Let's try to find some clusters in our data so we can try others approaches. We will decompose our data in components so we retain 90% of variance.

In [None]:
from sklearn.decomposition import PCA

pca = PCA(n_components=0.9)
pc = pca.fit_transform(scaled_x_train)

In [None]:
plt.figure(figsize=(8,4))
sns.barplot(x=np.array(range(pca.n_components_)), y=pca.explained_variance_ratio_)
plt.xlabel("Components")
plt.ylabel("Variance")

In [None]:
plt.scatter(pc[:, 0], pc[:, 1], c=y_train, label=y_train)
plt.title("PCA")
plt.xlabel("1st Component")
plt.ylabel("2nd Component")
plt.show()

With only 2 components we have some noise in the center but it's already looking pretty distinguishable! Let's see with 3 components...

In [None]:
from mpl_toolkits.mplot3d import Axes3D

fig = plt.figure(figsize=(8,8))
ax = Axes3D(fig)
ax.scatter(pc[:, 0], pc[:, 1], pc[:, 2], c=y_train)
ax.set_xlabel('1st Component')
ax.set_ylabel('2nd Component')
ax.set_zlabel('3rd Component')
ax.set_title('PCA')

# K-Nearest Neighbours

Now we're going to test the performance of the KNN algorithm using our PCA decomposition, since we could see clusters and some clear distinguish between our target label.

For comparison, let's train our KNN with the original dataset, and then use the PCA decompositions to see if we can get any better.

In [None]:
from sklearn.neighbors import KNeighborsClassifier
from sklearn.metrics import mean_squared_error
# K-Nearest-Neighbors

print('  k     Accuracy      MSE_In        MSE_Out')
print('--------------------------------------------')
for k in range(1, 30, 2):
    knn = KNeighborsClassifier(n_neighbors=k, weights='uniform')
    knn = knn.fit(scaled_x_train, y_train)

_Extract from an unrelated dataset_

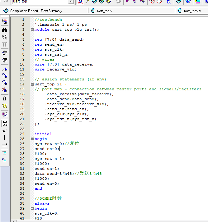 3.把1、2中设计的两个电路合并到一个可综合模块中,并仿照题目1中的M0模块编写该题目的测试模块,产生10组测试信号,以仿真验证所设计电路是否能正确发送,接收数据。

    y_train_predict = knn.predict(scaled_x_train)
    y_test_predict  = knn.predict(scaled_x_test)

    acc = (y_test_predict == y_test).mean()
    mse_in  = mean_squared_error(y_train, y_train_predict)
    mse_out = mean_squared_error(y_test, y_test_predict)
    
    
    print("%3d %10.2f %13.4f  %12.4f" % (k , acc, mse_in , mse_out))

And now with PCA

In [None]:
from sklearn.neighbors import KNeighborsClassifier
from sklearn.metrics import mean_squared_error
# K-Nearest-Neighbors

print('  k     Accuracy      MSE_In        MSE_Out')
print('--------------------------------------------')
for k in range(1, 30, 2):
    knn = KNeighborsClassifier(n_neighbors=k, weights='uniform')
    knn = knn.fit(pc, y_train)

    y_train_predict = knn.predict(pc)
    y_test_predict  = knn.predict(pca.transform(scaled_x_test))

    acc = (y_test_predict == y_test).mean()
    mse_in  = mean_squared_error(y_train, y_train_predict)
    mse_out = mean_squared_error(y_test, y_test_predict)
    
    
    print("%3d %10.2f %13.4f  %12.4f" % (k , acc, mse_in , mse_out))

An increase of 2% in Test Accuracy when using the PCA components!

# K-Means Clustering

Now, let's see the performance of a basic KMeans with our PCA components.

In [None]:
from sklearn.cluster import KMeans

km = KMeans(n_clusters=2)
km.fit(pc)

scaled_x_test = scaler.transform(x_test)
test_pcs = pca.transform(scaled_x_test)

predicts = km.predict(test_pcs)

acc1 = (predicts == y_test).mean()
acc2 = (predicts == np.logical_not(y_test)).mean()

print('K-Means')
print('Test Accuracy: %.2f' % max(acc1, acc2))

# Conclusion

All models we've tested presented good results, and we could get a nice view of our data with the PCA decomposition.